The DBCC INDEXDEFRAG and DBCC DBREINDEX statements were used to defragment indexes. Specific functionality of the DBCC INDEXDEFRAG and DBCC DBREINDEX statements is discussed in more detail later in this paper.

OLTP-Type Workload

In the tests, the OLTP database workload simulated order processing for a warehouse environment. The workload consisted of five stored procedures issuing transactions for new orders, order status inquiries, deliveries, stock level status, and payment processing. The stored procedures used queries including inserts, updates, deletes, and very selective SELECT queries.

Figure 1 shows the difference in query performance for each of the five stored procedures, before and after the indexes were defragmented using DBCC INDEXDEFRAG and DBCC DBREINDEX.
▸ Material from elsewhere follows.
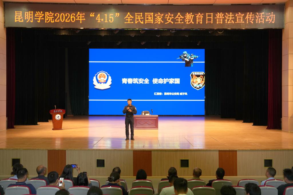 4月14日下午,昆明学院2026年“4·15”全民国家安全教育日普法宣传活动于学生会堂启动。本次活动由昆明学院主办,昆明市公安局经济技术开发区分局、昌宏路派出所协办。

Figure 1: Average duration for each stored procedure in the OLTP-type workload, before and after defragmenting. The lower values indicate better performance.

Figure 1: Average duration for each stored procedure in the OLTP-type workload, before and after defragmenting. The lower values indicate better performance.
See full-sized image.

As shown in Figure 1, there is little difference between the performance of the stored procedures before and after defragmenting. Because the underlying queries issued by these stored procedures acted upon very selective portions of the data, workload performance was not adversely affected by fragmented indexes. Some of the results shown in Figure 1 may tend to indicate that running defragmentation utilities actually decreased performance of the stored procedures; however, there was a natural variation of 10 to 20 percent in the performance of the stored procedures during the workload run. The differences shown in Figure 1 are within this range. More importantly, the results show that over time there was no decrease in performance of the stored procedures as the fragmentation levels rose.

DSS-Type Workload

In the tests, the DSS workload consisted of 22 reporting-type queries that issued complex SELECT statements against the database. These queries were run serially as a batch against the server. All of the queries in this workload consisted of one or more table joins, and most queries scanned a large portion of the underlying indexes.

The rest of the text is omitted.